Will I be able to tell the difference between the physical symptoms of a panic attack and a heart attack?
April 8, 2010 11:59 AM   Subscribe

ParanoidFilter: For the longest time I've been getting chest pain with my anxiety. Will I be able to tell the difference between the physical symptoms of a panic attack and a heart attack?

I have a history of panic attacks, stress, anxiety and the oh-so-fun chest pain that comes with it. My GP, therapist and prescriber of brain medicine have all stated that this is totally normal.

So, deity forbid, if I do have some sort of bad heart situation, will I be able to tell the difference? Do people say, "oh, it's just another panic attack" and it turns out to be a heart attack?

I'm in my mid-20s, fairly healthy and active, but with heart problems in the family. I will end up asking my doctor, but my appointment is a couple of months away.
posted by anonymous to Health & Fitness (10 answers total) 7 users marked this as a favorite
 
You don't mention if you are a man or a woman, but one thing to consider is that women's symptoms are often different from men's.
posted by Kimberly at 12:15 PM on April 8, 2010


Do your panic attacks usually follow kind of a pattern?
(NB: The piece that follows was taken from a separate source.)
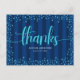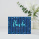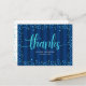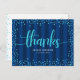 Make sure your favourite grad shows her appreciation to all who supported her milestone event! Send out this stunning, modern, sparkly turquoise blue typography script and glitter confetti dots against a navy blue striped background, custom thank you postcard. On the front, personalise with your grad’s name and class year. Type a custom note and return address on the back. Guaranteed to add a stylish touch to her correspondence! Matching invites, return address labels, paper plates, napkins and other graduation goodies are also available in this trendy and special collection.
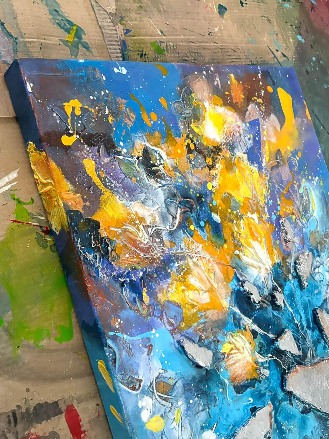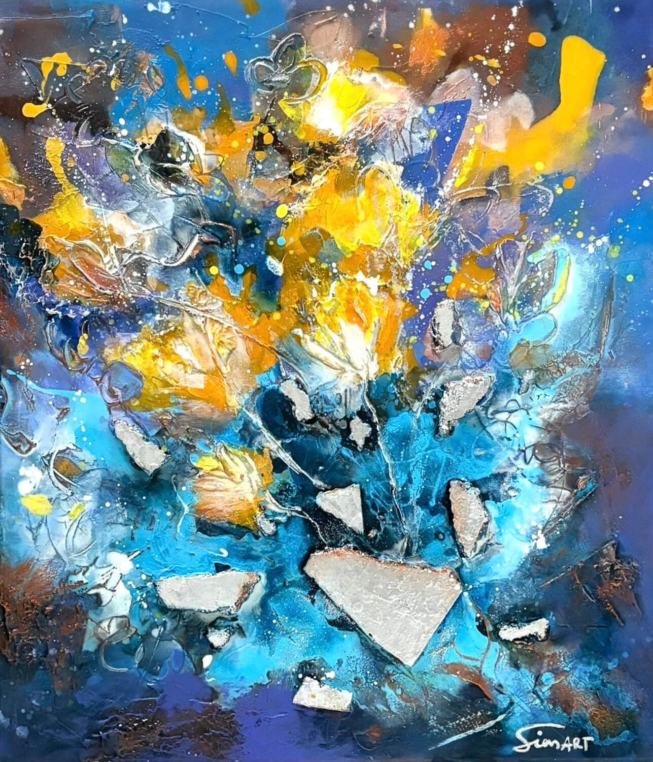 Meine Kunst entsteht aus dem Moment heraus. Farben, Strukturen und Bewegungen entwickeln sich während des Malens und formen Schritt für Schritt das Bild.

Example - there is some stimulus ... you start feeling on edge ... then anxious ... then your whole body starts to clench ... then the chest pain.

I think if you noticed that your usual anxiety and panic attack pattern had come before the pain, it would be more likely that it was yet another panic attack. However if you were going about your day feeling totally fine, and then the pain came out of the blue, I'd be more worried about that.

Also - are there things you do during panic attacks that help them go away? Deep breathing, going to a space where you feel more comfortable, etc. If those things work as usual, then probably just another panic attack. If not, I think that could be a sign for you that it might be something else.
posted by Ashley801 at 12:23 PM on April 8, 2010


I have this exact same problem and even ended up in the ER a few weeks ago because I freaked out and thought I was having a heart attack. I am not a doctor or claim to possess any knowledge of real heart conditions, but for me, I assume that it's anxiety induced when I find myself distracted and happy and the chest pains go away. YMMV. Mine also went away when I was given an anti-anxiety med in the ER.

My therapist is helping me figure out how to deal with my panic and chest pains and I hope that you will be able to get some help with yours too. I wish I could share more but I'm just starting to learn about all this. I no longer have a copy of an article my therapist gave me, but it described all of the ways that panic can affect a person physically and ever since I read it, I have barely experienced chest pains at all.
posted by bristolcat at 1:15 PM on April 8, 2010


IANAD, however I was a Firefighter/EMT and an instructor in CPR certified by the American Heart Association. I have also had heart surgery. The symptoms of heart attack are varied amongst people not only by gender, by by the type of heart problem they are having. They are, to an extent, similar to the symptoms presented during a panic attack. You are probably aware, that these symptoms can also vary from person to person. While I can't say this with absolute certainty, I believe that, if you have a heart attack, you will notice differences in your own personal symptoms. For example, your panic attack symptoms my include pain that extends broadly across the upper chest, while your heart attack symptoms may include pain that is sharper, extends up into the jaw, across the shoulders to the upper back and extend down your left arm. These scenarios can be different for each individual. What I'm trying to describe is that you might feel a difference between symptoms you are familiar with. Additionally, mild exercise, like getting up and walking across the room, can tend to lesson your panic symptoms, while they would aggravate heart attack symptoms.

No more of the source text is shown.